The email below dropped into my phone while I was sleeping at 1:18 am After I read it i dropped off to sleep. I saw a drawing of a man on finger tips with elbows bent. He was down on the grownd. He had shoes on and was ballancing on the toe of his shoes with his head turned to his right. I was looking at him as he was down on the grownd on toe-tips and finger-tips with head turned to his right, looking in my direction but studying a horrizontal crack, (maybe in a wall). Studying a “space between“. That was the visual. His right leg was slightly up, and out, knee bent. It then seemed to me that he had found a crack, (a space-between) low-down on a wall and was down on the grownd investigating it. The this morning as I think about it, the way his right foot was positioned, maybe he was preparing to come through the crack, (the space between). Slept, woke. Woke to the image of a drawing of a hand with all four fingers touching the thumb. Fingers and thumb pionting up. When i do it my hand is too short and chubby. The hand in the dream was longer, slender and artistic. I will post this to my dream views dream journal, (minus reference to you) because it is a Chicken Itza shared dreamjng night. 9 am Saturday 3/ Sept/11 here in Adelaide, South Australia, now No, i will post as is because I never mentioned your name.
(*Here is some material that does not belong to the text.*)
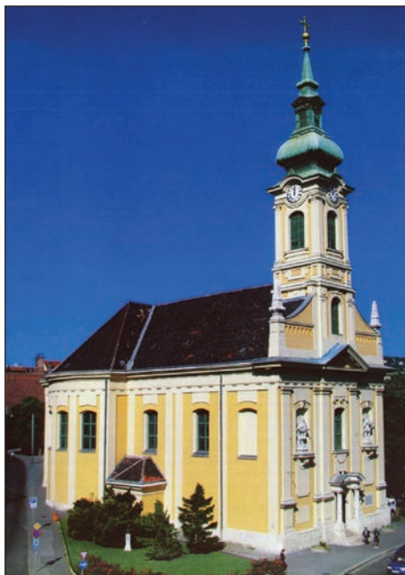
1. kép. Krisztinavárosi Havas Boldogasszony-templom (L. L.)

8:04am woke little girl abducted. And there was a little pink blood on the nursery wall. Parents and me feel sad, sad, sad. I didn't like that dream. Next dream started off nice but I was feeling bad, bad, bad by the end of that one too. Whyyyy? I got long raiils to push several people in wheelchairs. One man in wheelchair but didn't do that cos it seemed not practice. Then man was in old coles in-store shopping trolly. Trolly then collapes and was empty. Man was in a heap and in pain on ground some distance away. Later I was in trouble. I wanted to say sorry to man who fell through my shopping trolly. I asked room Cleaner, I asked " do you know what room he is in? "Yes" will you tell me? "No". Later I was folding cloths, A kind woman warned me I won't be able to get another job in the this industry. And I will be sued. I went to my boss to apologize, boss had a blind eye. Then I asked if I could apologize to the disabled man that dropped out of the trolly I was pushing and he snapped at me " No!" Dreams, both of them left me feeling bad. Just now I remembered an incident when I was about ... ummm ... less than 9. A mother or someone had to go to the loo and I.said that would look after her little toddler in a push chair. She didn't want to leave so young a child in her charge but she needed to go to the loo. The woman instructed me that if the infant wakes you can let her out off the push chair but don't put her on top of the top of the sun cover, no matter how much she asks. The little girl did wake up and get out of the push chair. Then she kept pointing to the sun hood. So l talked with her and understood that she wanted to sit on the sunhood. Finally I put her on the sun hood but she wobbled and fell off into the ground. She cried a bit and I put her back in the push chair. When mum cane back I never told her. When ever I think of this, which is almost never, I wonder if the fall led to brain damage. I think the two dreams make me feel so bad cos they brought up that bad, long forgotten memory.